Small business insurance premiums have risen by up to 60% since 2019, says the Insurance Council of Australia (ICA), which warns that outdated liability laws, ballooning legal costs and government red tape are pushing up costs.
In submissions to the Parliamentary Joint Committee’s inquiry into small business insurance, the ICA set out a reform agenda targeting cost drivers, including:
- A national review of liability laws to tackle claims cost pressures, including rising psychological injury and legal claims that flow directly through to premiums.
- Caps on legal costs and streamlined claims processes to stop legal fees consuming a disproportionate share of compensation payouts and to resolve claims faster.
- A national ban on claim farming, the practice of cold-calling or pressuring people into lodging injury claims, which inflates claims volumes and costs.
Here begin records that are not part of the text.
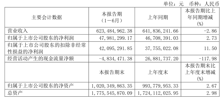 德馬科技8月20日晚間發(fā)布半年度業(yè)績(jī)報(bào)告稱,2023年上半年?duì)I業(yè)收入約6.23億元,同比減少2.86%;歸屬于上市公司股東的凈利潤(rùn)約4798萬元,同比增加2.73%;基本每股收益0.4元,同比增加2.56%。
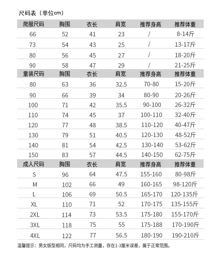80cm; 90cm; 100cm; 110cm; 120cm; 130cm; 140cm; 150cm; Взрослый С; Взрослый М; Взрослый L; Взрослый XL; Взрослый XXl; Взрослый 3XL; Взрослый 4XL
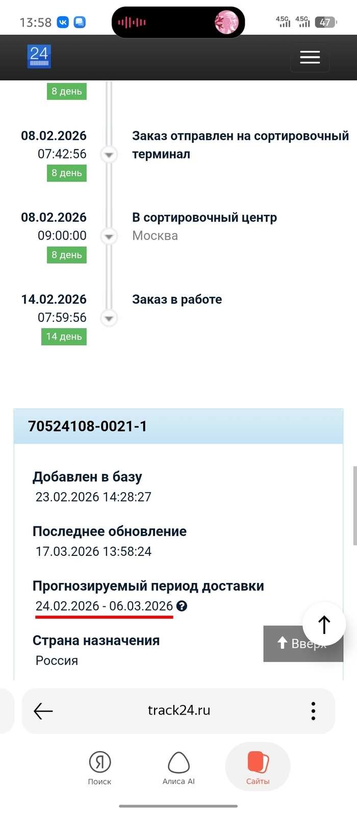 Заказал телефон 1 февраля, сейчас 17 марта...

- Fairer government procurement rules so small businesses are not forced to take out insurance that is far more than the job requires or accept liability for risks they cannot insure against.
According to a statement released by the ICA, it has been 25 years since the last major national review of liability laws, and in that time, rising claims costs, legal fees and system inefficiencies have compounded to make public liability and professional indemnity cover increasingly unaffordable for small businesses and community organisations.
The ICA is also calling for funded risk management programmes to help small businesses and community organisations reduce risk exposure and keep premiums down.
“It has been a quarter of a century since anyone properly looked at these laws, and the case for reform is overwhelming,” said ICA CEO Andrew Hall.
“Affordable insurance is what keeps small businesses and community organisations running; when a local cafĂ© or a community sports club cannot get cover, it is the local community that loses out.”
He added, “Well-targeted reform can bring costs down while still making sure injured people get fair compensation, and that is the outcome we want to work with governments to deliver.”